Ce jour-là le facteur Boniface, en sortant de la maison de poste, constata

que sa tournée serait moins longue que de coutume, et il en ressentit une

joie vive. Il était chargé de la campagne autour du bourg de Vireville, et,

quand il revenait, le soir, de son long pas fatigué, il avait parfois plus de

quarante kilomètres dans les jambes.

Donc la distribution serait vite faite ; il pourrait même flaner un peu en

route et rentrer chez lui vers trois heures de relevée. Quelle chance !

Il sortit du bourg par le chemin de Sennemare et commença sa besogne.

On était en juin, dans le mois vert et fleuri, le vrai mois des plaines.

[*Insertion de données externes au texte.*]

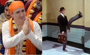 We haven’t even got to Justin’s physical deformity, being mysteriously born with two left feet. During a visit to India, Trudeau dressed as if for Halloween, and for his party prank
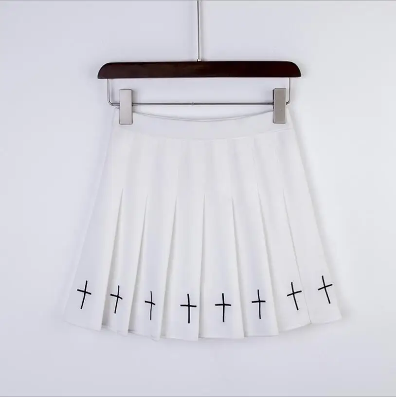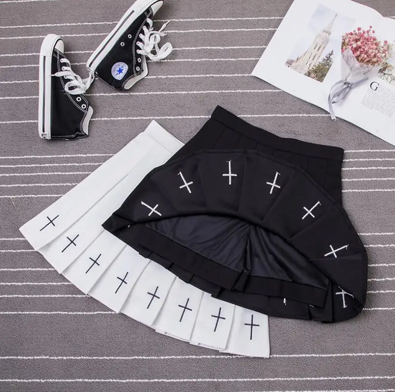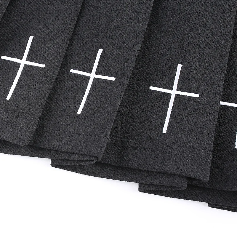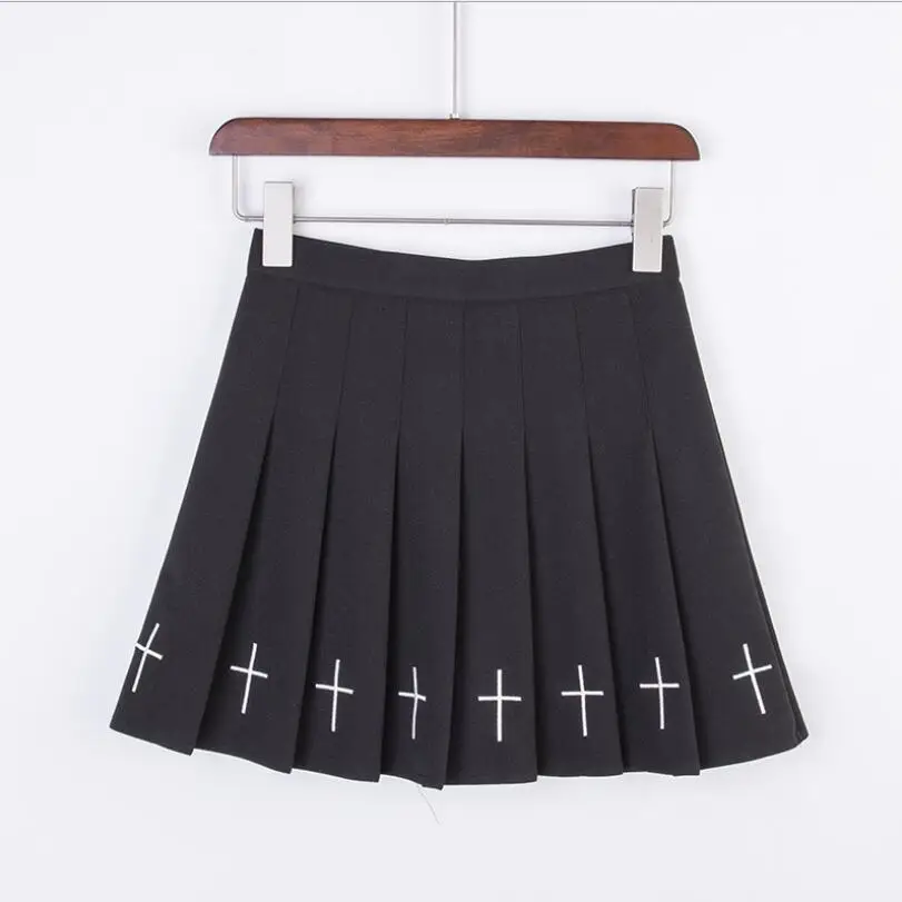 Женская плиссированная мини-юбка, летняя черная юбка трапециевидной формы с вышивкой в готическом стиле

L'homme, vêtu de sa blouse bleue et coiffé d'un képi noir à galon rouge,

traversait par des sentiers étroits les champs de colza, d'avoine ou de blé,

enseveli jusqu'aux épaules dans les récoltes ; et sa tête, passant au-dessus

des épis, semblait flotter sur une mer calme et verdoyante qu'une brise

légère faisait mollement onduler.

Il entrait dans les fermes par la barrière de bois plantée dans les talus

qu'ombrageaient deux rangées de hêtres, et saluant par son nom le paysan :

«Bonjour, maît' Chicot,» il lui tendait son journal le Petit Normand. Le

fermier essuyait sa main à son fond de culotte, recevait la feuille de papier

et la glissait dans sa poche pour la lire à son aise après le repas de midi. Le

chien, logé dans un baril, au pied d'un pommier penchant, jappait avec

fureur en tirant sur sa chaîne ; et le piéton, sans se retourner, repartait de

son allure militaire, en allongeant ses grandes jambes, le bras gauche sur sa

sacoche, et le droit manœuvrant sur sa canne qui marchait comme lui d'une

façon continue et pressée. Il distribua ses imprimés et ses lettres dans le

hameau de Sennemare, puis il se remit en route à travers champs pour

porter le courrier du percepteur qui habitait une petite maison isolée à un

kilomètre du bourg.

C'était un nouveau percepteur, M. Chapatis, arrivé la semaine dernière, et

marié depuis peu.

Il recevait un journal de Paris, et, parfois, le facteur Boniface, quand il

LE CRIME AU PÈRE BONIFACE 2

avait le temps, jetait un coup d'œil sur l'imprimé, avant de le remettre au

destinataire.

Donc, il ouvrit sa sacoche, prit la feuille, la fit glisser hors de sa bande, la

déplia, et se mit à lire tout en marchant. La première page ne l'intéressait

guère ; la politique le laissait froid ; il passait toujours la finance, mais les

faits-divers le passionnaient.

Ils étaient très nourris ce jour-là. Il s'émut même si vivement au récit d'un

crime accompli dans le logis d'un garde-chasse, qu'il s'arrêta au milieu

d'une pièce de trèfle, pour le relire lentement. Les détails étaient affreux.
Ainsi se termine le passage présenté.